Bundestag beschließt umfassende Änderungen im Energiewirtschaftsrecht – wichtige Neuerungen für das E-Handwerk
24.11.2025
Am 13. November 2025 hat der Bundestag das Gesetz zur Änderung des Energiewirtschaftsrechts zur Stärkung des Verbraucherschutzes im Energiebereich verabschiedet. Ziel des Gesetzespakets ist die Umsetzung europäischer Vorgaben sowie die Modernisierung und Harmonisierung zahlreicher energierechtlicher Bestimmungen.

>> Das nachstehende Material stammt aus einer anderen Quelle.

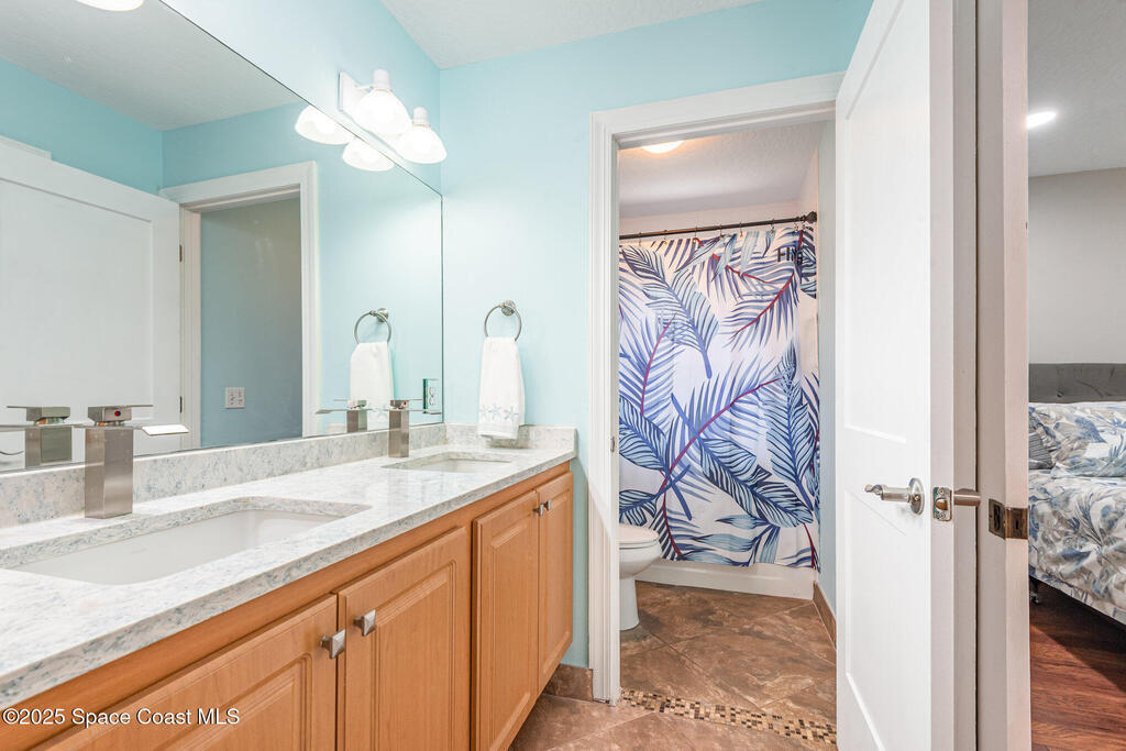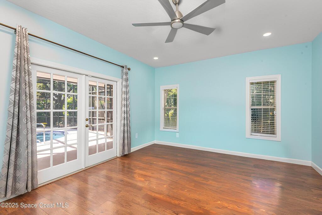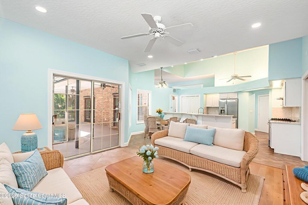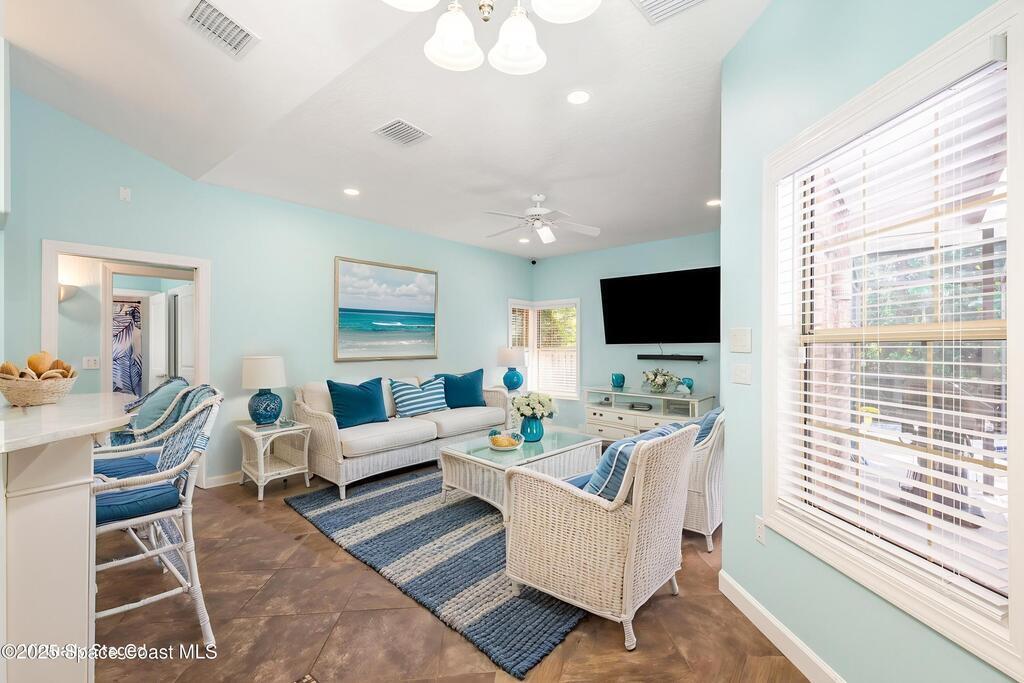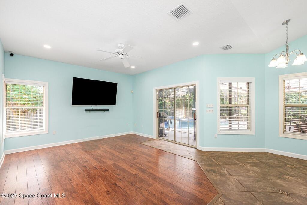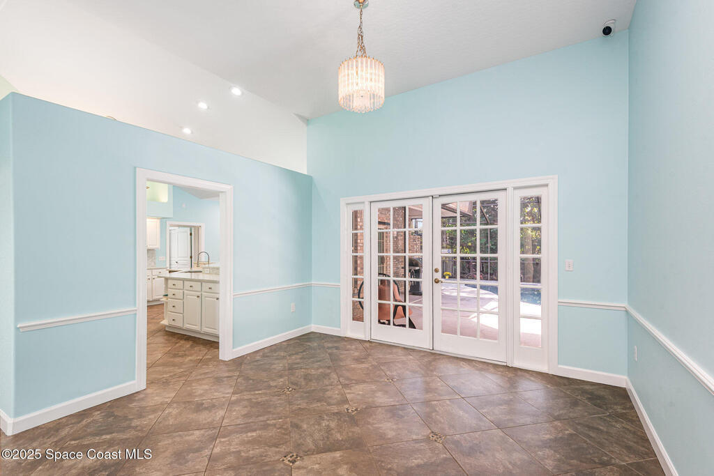 **MAJOR PRICE REDUCTION** This is the one you've been waiting for! Stunning SUNTREE/VIERA BRICK CUL-DE-SAC home with COASTAL VIBES on a PRIVATE, WOODED lot. You'll love the large, RENOVATED KITCHEN with QUARTZ COUNTERTOPS, SS APPLIANCES, and GAS RANGE with HOOD. Casually dine at the kitchen's BAR or BREAKFAST NOOK, or choose the DINING ROOM with its GLASS FRENCH DOOR views to the pool. The house features VAULTED CEILINGS, LIVING ROOM with a GAS FIREPLACE, and TONS OF NATURAL LIGHT. Includes a WHOLE-HOUSE BRITA WATER FILTRATION SYSTEM. The primary suite offers DOUBLE WALK-IN CLOSETS, GARDEN TUB, a shower with DUAL SHOWER HEADS, and GLASS FRENCH DOORS that open to the pool deck. NEW AC SYSTEM (2024) AND DUCTWORK. One guest bedroom is SEMI ENSUITE with direct access to the guest bathroom. NEW RECESSED LIGHTING and SELECT FANS throughout. Enjoy the POOL or SPA in your PRIVATE WOODED BACKYARD with HALF-YARD PRIVACY FENCE. BRAND NEW GAS POOL HATER. Roof (2020). A-RATED SCHOOL DISTRICT.

Es betrifft unter anderem das Energiewirtschaftsgesetz (EnWG), das Messstellenbetriebsgesetz (MsbG), das Erneuerbare-Energien-Gesetz (EEG), das Energiefinanzierungsgesetz (EnFG) sowie mehr als zwei Dutzend weitere Gesetze und Verordnungen.
Die Änderungen treten am Tag nach der Verkündung im Bundesgesetzblatt in Kraft. Für das Elektrohandwerk sind insbesondere die folgenden Punkte von Bedeutung:
Übergangsregelung für „Kundenanlagen“ (§ 118 Abs. 7 EnWG)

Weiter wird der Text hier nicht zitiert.